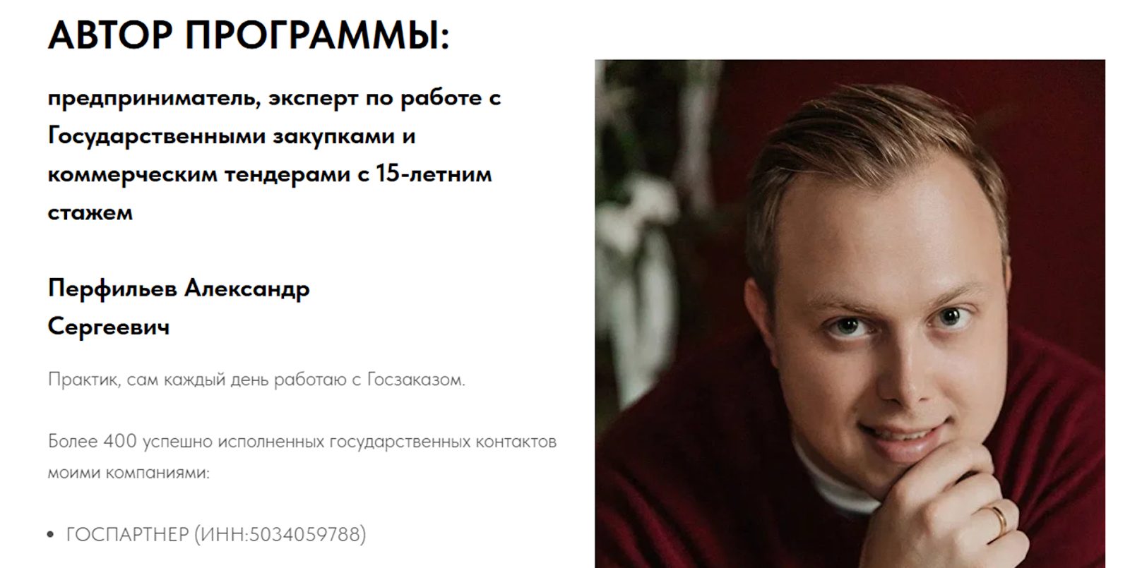 Александр Перфильев – специалист по госзакупкам, основатель собственной онлайн-школы, где обучает, как зарабатывать на тендерах от государства. Мужчина имеет довольно большую аудиторию в соцсетях, где делится опытом. Стоит ли подписываться на нашего героя и покупать его курсы, расскажем в обзоре.
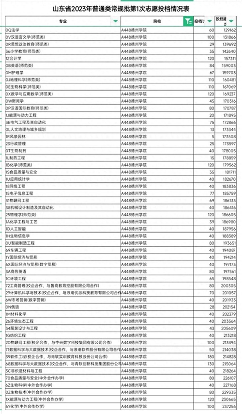 德州学院,位于中国山东省德州市,是一所具有悠久历史的综合性公办本科院校。在招生政策方面,德州学院2023年面向全国22个省、市、自治区进行招生,总录取人数达到5200人。在录取标准上,学校坚持公平、公正、公开的原则,以高考成绩为基础,综合评价学生的综合素质,确保优秀学子能够脱颖而出。此外,学校的录取流程设计合理,操作规范,既保障了考生的权益,又体现了学校的严谨态度。下面是德州学院2023年在山东省第一次投档录取情况:
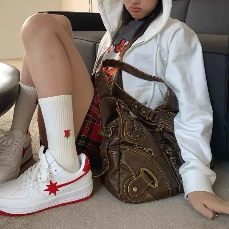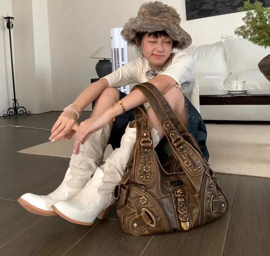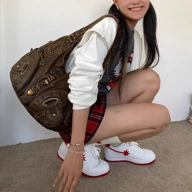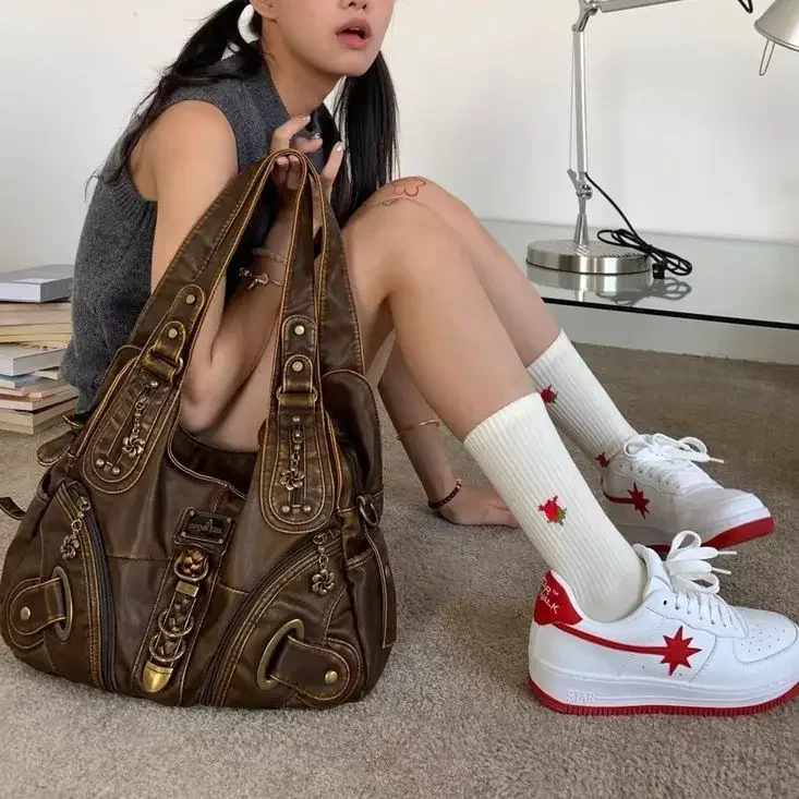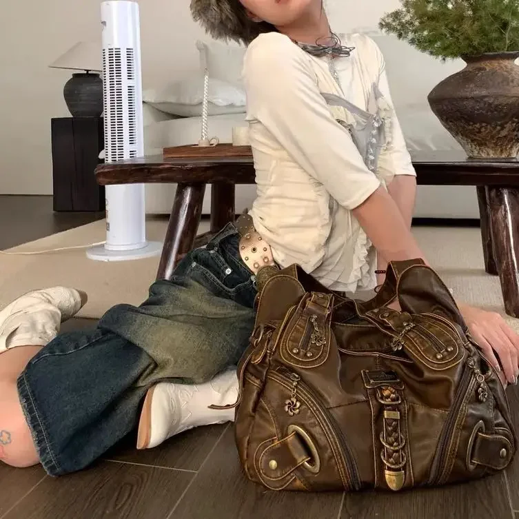 Weiyinxing Y2k Vintage Womens Shoulder Bag Large Capacity Casual Pu Leather Tote Bag American Retro Luxury Designer Ladies Armpit Bag
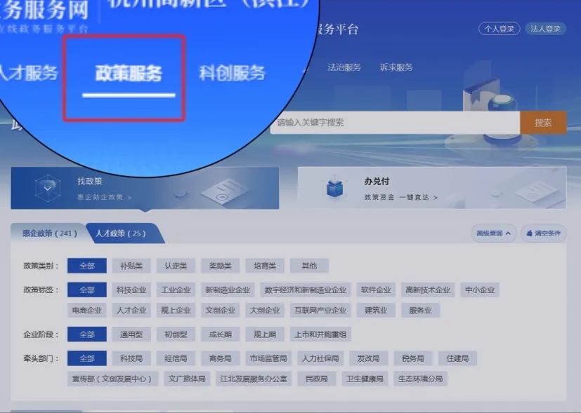 從首頁點擊“政策服務(wù)”或“找政策”,來到政策服務(wù)板塊,頁面顯示當(dāng)前上架的所有政策條目,可以通過標(biāo)簽篩選想要查找的政策,也可以搜索關(guān)鍵字進行全域搜索,找到需要的政策條目,點擊立即查看進入政策詳情頁。
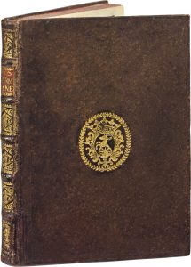 In-4, 19,5 x 14 cm, 164 pp., veau brun, armes dorées au centre des plats, dos à nerfs entièrement orné de motifs dorés (reliure de l’époque).
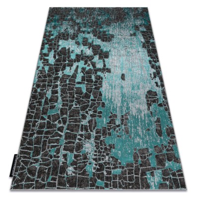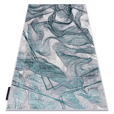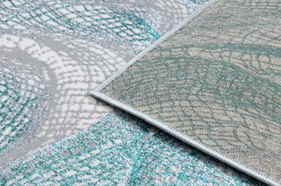 Turkusowy dywan z abstrakcyjnym wzorem, który wniesie do salonu świeży, energetyczny akcent kolorystyczny.
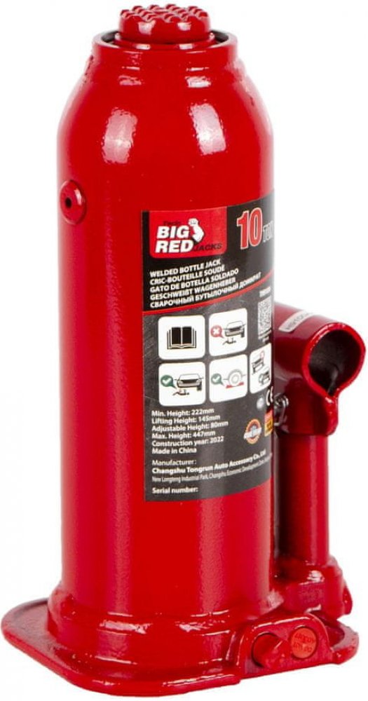 Pístový zvedák (panenka) s nosností 10 tun. Základní výška v zataženém stavu je 195 mm. Díky napumpování pístu můžete břemeno zdvihnout až do výšky 315 mm. Můžete si pomoci vytočením závitu patky a zvýšit rozsah zdvihu ze základní výšky 255 mm (základní výška + 60 mm šroubování) až do max zdvihu 375 mm.

- **Work required**
Only the lines from the one containing "德州学院,位于中国山东省德州" through the last line of the entries belong in the answer, given again exactly. Images stay out.

- **Exercise solution**
 德州学院,位于中国山东省德州市,是一所具有悠久历史的综合性公办本科院校。在招生政策方面,德州学院2023年面向全国22个省、市、自治区进行招生,总录取人数达到5200人。在录取标准上,学校坚持公平、公正、公开的原则,以高考成绩为基础,综合评价学生的综合素质,确保优秀学子能够脱颖而出。此外,学校的录取流程设计合理,操作规范,既保障了考生的权益,又体现了学校的严谨态度。下面是德州学院2023年在山东省第一次投档录取情况:
 Weiyinxing Y2k Vintage Womens Shoulder Bag Large Capacity Casual Pu Leather Tote Bag American Retro Luxury Designer Ladies Armpit Bag
 從首頁點擊“政策服務(wù)”或“找政策”,來到政策服務(wù)板塊,頁面顯示當(dāng)前上架的所有政策條目,可以通過標(biāo)簽篩選想要查找的政策,也可以搜索關(guān)鍵字進行全域搜索,找到需要的政策條目,點擊立即查看進入政策詳情頁。
 In-4, 19,5 x 14 cm, 164 pp., veau brun, armes dorées au centre des plats, dos à nerfs entièrement orné de motifs dorés (reliure de l’époque).
 Turkusowy dywan z abstrakcyjnym wzorem, który wniesie do salonu świeży, energetyczny akcent kolorystyczny.
 Pístový zvedák (panenka) s nosností 10 tun. Základní výška v zataženém stavu je 195 mm. Díky napumpování pístu můžete břemeno zdvihnout až do výšky 315 mm. Můžete si pomoci vytočením závitu patky a zvýšit rozsah zdvihu ze základní výšky 255 mm (základní výška + 60 mm šroubování) až do max zdvihu 375 mm.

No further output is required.